Shaking his head, he thought even now he might be looking into the events of the past couple of hours with too much hope and not enough lucidity. He was exhausted, after all, and the revelations of the evening had been shocking, to say the least. Whatever the case, he loved her, and like the morning sun that would soon dawn on him, he was determined to remain optimistic. Anything else only meant his continued agony.

The subtle swish of his mother's skirt behind him brought him out of his ruminations with a jerk. How had he not heard the door open? He spun toward her.

"Is there a reason why you avoided the front door, John?"

"Mother! Why are you not in bed at this hour? Are you unwell?"

"No, I drifted to sleep as I waited for you. A noise awakened me." She eyed him speculatively as though she could obtain all the answers she so desired by just a look. Maybe she could. She was his mother, after all, and she knew him better than anyone. "Where have you been?"

Feeling nostalgically like a chastised boy again, he understood her tone, which brooked no argument or deception. The thought made him smile, though he was sure it looked more like a grimace.

"I had to take the last train out of London. A potential investor invited me to dine with his family, so I accepted and stayed much later than planned to discuss the mill." He unbuttoned the top button of his shirt, feeling as though it tightened with every word of his story, much like a hangman's noose around his neck. The question was, how long would he have to anxiously wait on the gallows for his mother's reprieve? Why did her interrogations always have to be so intimidating?

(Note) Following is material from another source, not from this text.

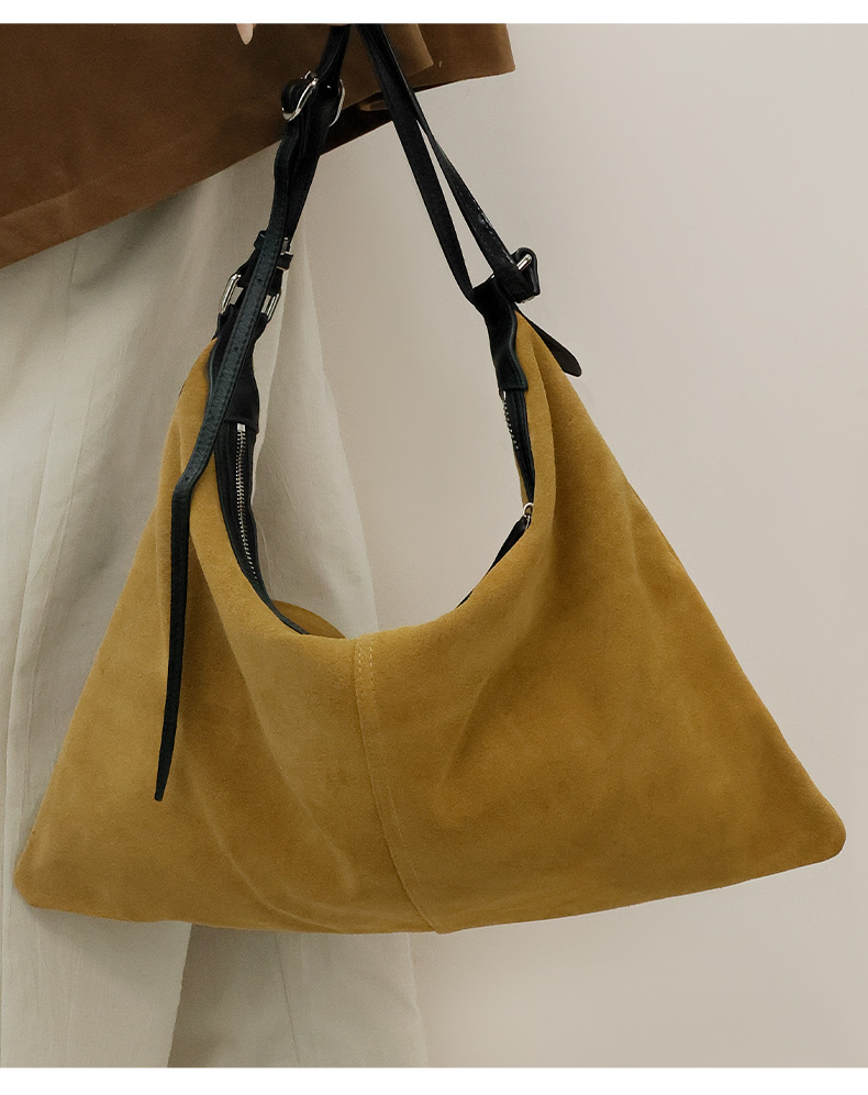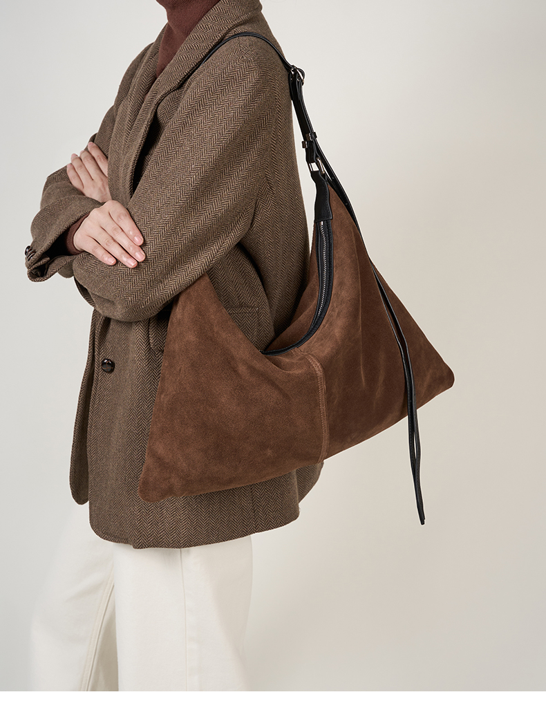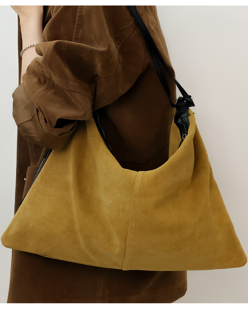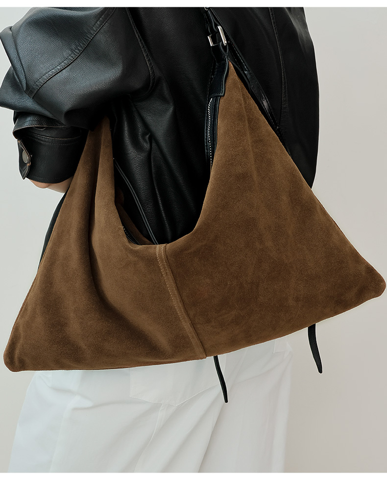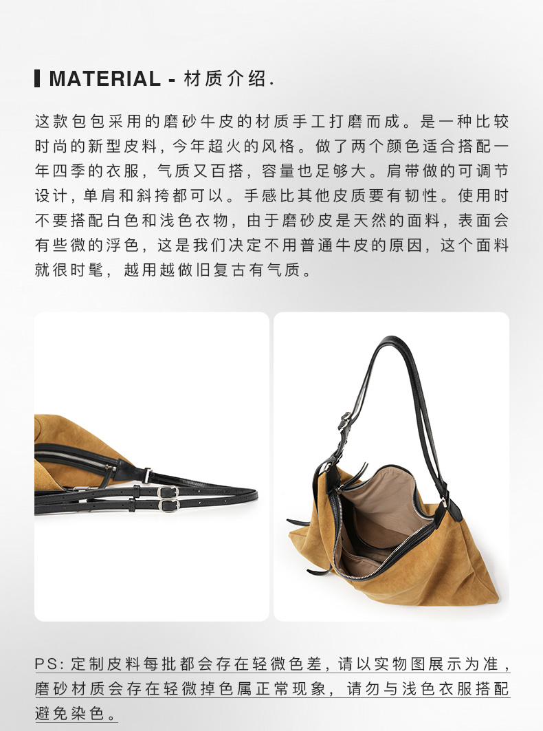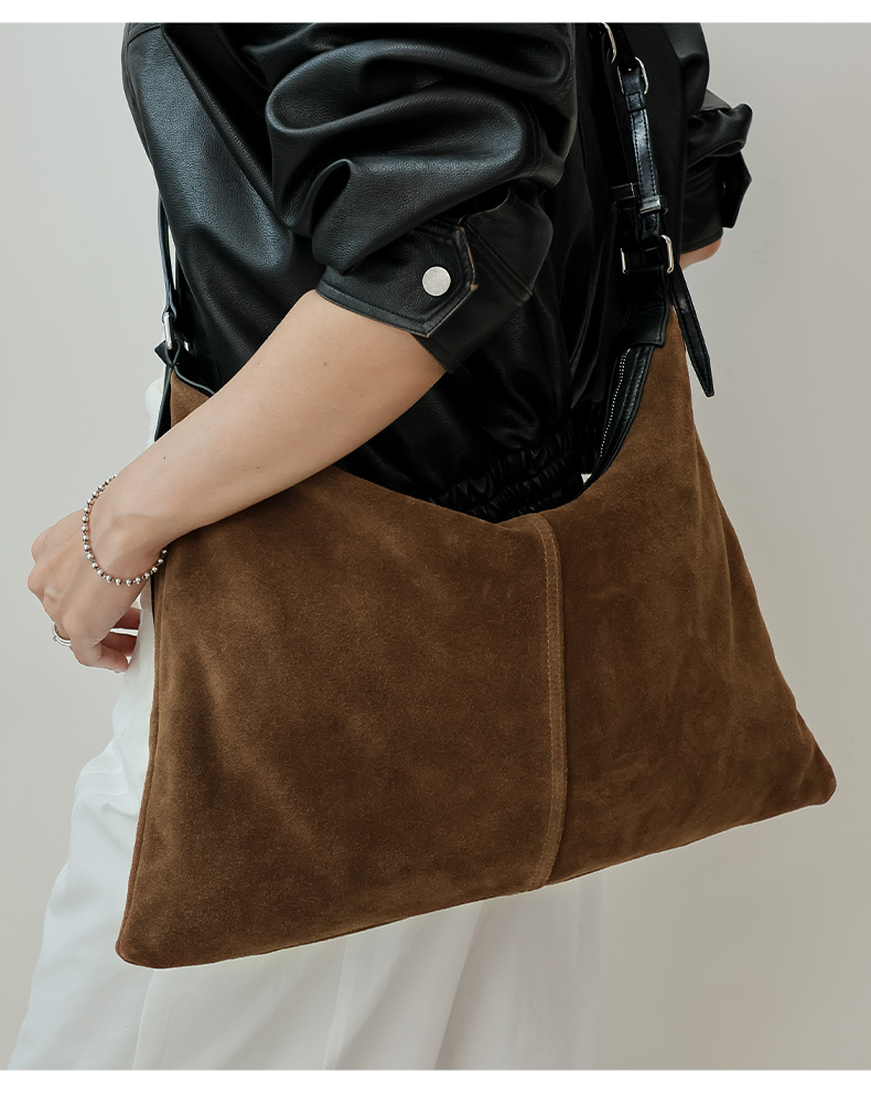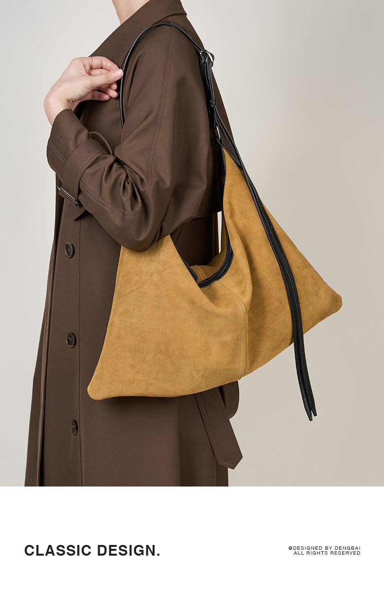登白DENGBAI 高丝光反绒牛皮配头层牛皮百搭单肩斜挎包9911

She nodded her head slowly, but her narrowed eyes missed nothing, somehow recognizing there were still gaping holes in his tale. After several quiet – and painfully tense – moments, she gave a last, curt nod.

He did his best to mask the surprise he felt over how quickly she relented.

"You have only two, maybe three hours to rest before the mill opens. See that you do, John."

Standing up, he crossed the room to place a kiss on her cheek. "Of course, mother. Take your rest as well."

As she turned and left the room, he realized that lack of sleep was the last thing he would have time to worry about in just a few short hours. Gossip, if there was to be any, would start pouring in as soon as the workers did, and he would have to keep his ears carefully tuned to it for Margaret's sake.